Les Miserables 25 Years Later

In early 1987, in the first year of our marriage, my wife and I saw Les Miserables at the Kennedy Center in Washington, DC before it made its way to Broadway. We were fortunate to see it again at The National Theater in DC and later at The Landmark Theater in Richmond.

It’s a longtime favorite of ours. We love the music, the story, the staging. I was even inspired enough to read the book.

So when the chance came around to see the 25th Anniversary tour again at the Kennedy Center, we decided that as we approach our own 25th anniversary, that it would be a nice treat.

The show does not disappoint.

The casting was incredible. Amazing voices. Amazing talents.

When I first heard that the show had been restaged, I was concerned. After all, the turntable was key to the telling of the story. The turntable caused issues in the early U.S. performances, but those details were worked out. I couldn’t imagine not having the turntable as the cast marched through the streets singing “One Day More.”

And, I didn’t have to use my imagination. The sets have been redesigned based on some of Victor Hugo’s own paintings, and the effect is remarkable.
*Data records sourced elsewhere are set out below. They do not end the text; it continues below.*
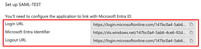 Copy the “Login URL and Microsoft Entra Identifier” from the “Set up [Your Application Name]” section.
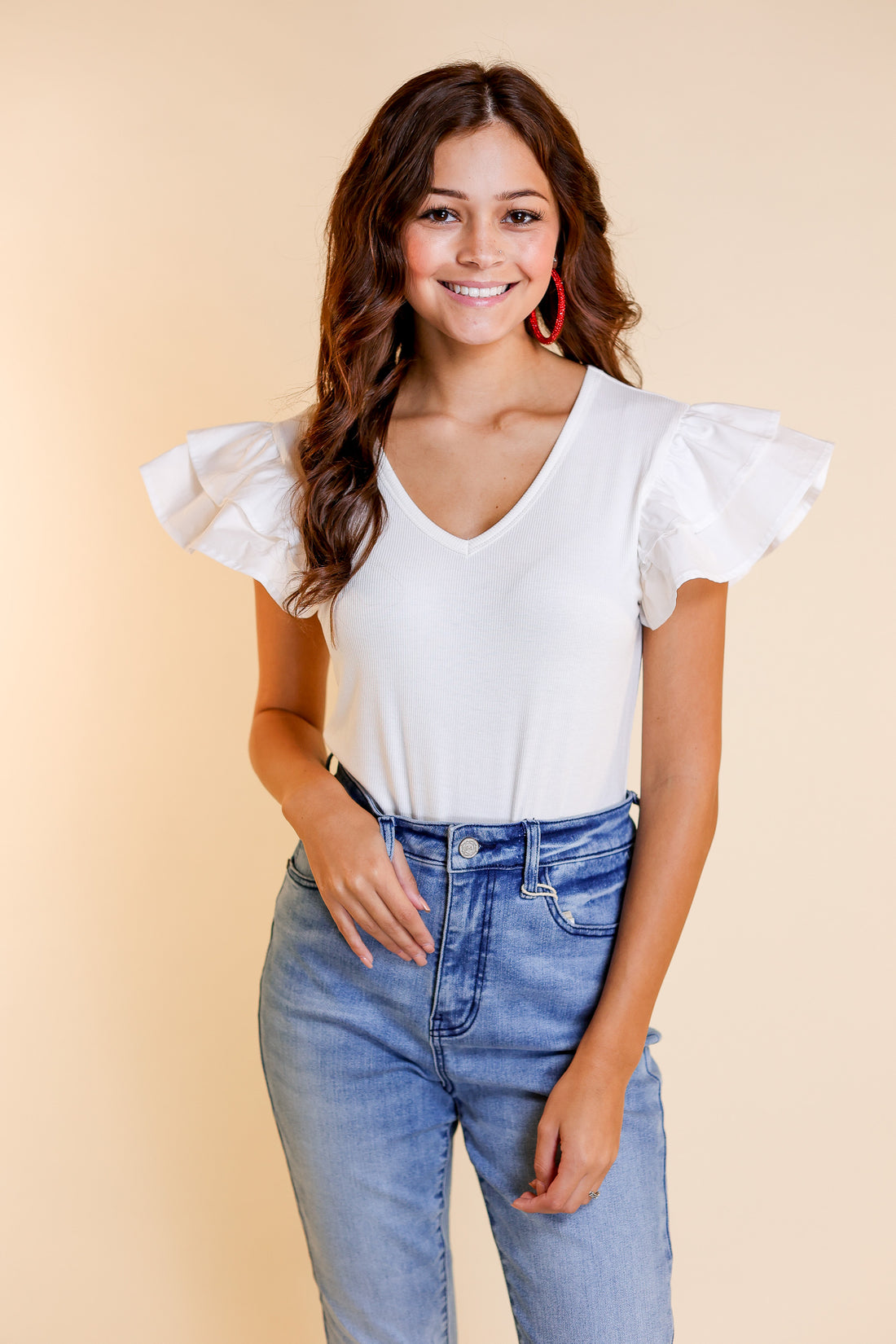 The Eloise Ruffle Sleeve Bodysuit, Olive
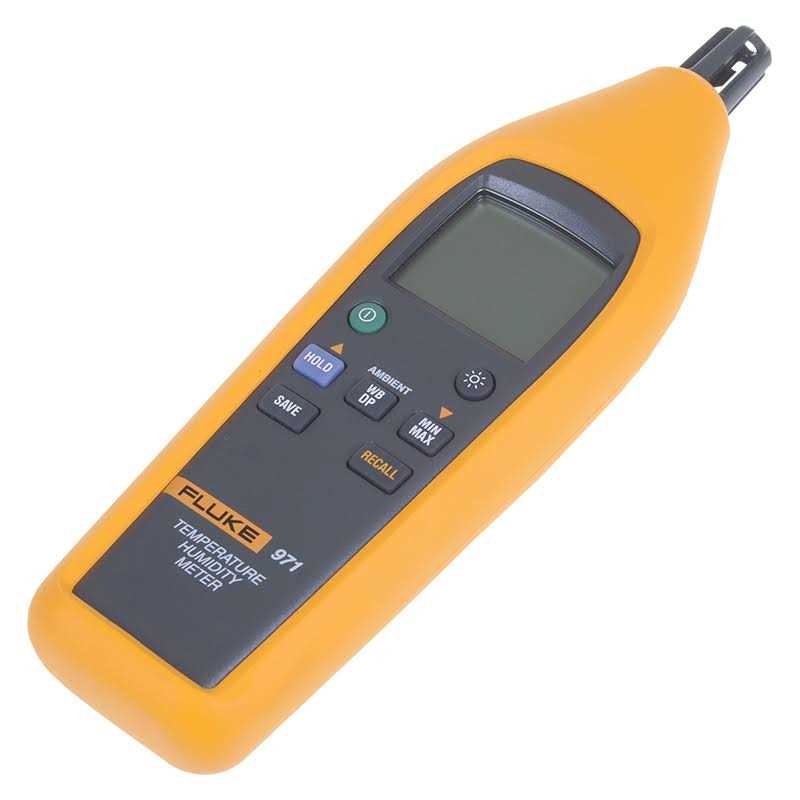 Temperature and humidity are two important factors in maintaining optimal comfort levels and good indoor air quality. Quickly and conveniently take accurate humidity and temperature readings with the Fluke 971. The Fluke 971 is invaluable for facility maintenance and utility technicians, HVAC-service contractors, and specialists who assess indoor air quality (IAQ). Lightweight and easy to hold, the Fluke 971 is the perfect tool for monitoring problem areas. With a rugged holster and twist-open protective sensor cover, the Fluke 971 is built to perform and made to last.

Let’s just say if you know the story that the marching scene, the scene traveling through the sewers and Javert’s suicide are worth seeing it.

Les Miserables is a story of redemption, story of courage, a story of love.

It’s a story I could watch time and time again.

According to the official Les Miserables website, Hugh Jackman and Russell Crowe will star in the film production due out in 2012. I can’t wait.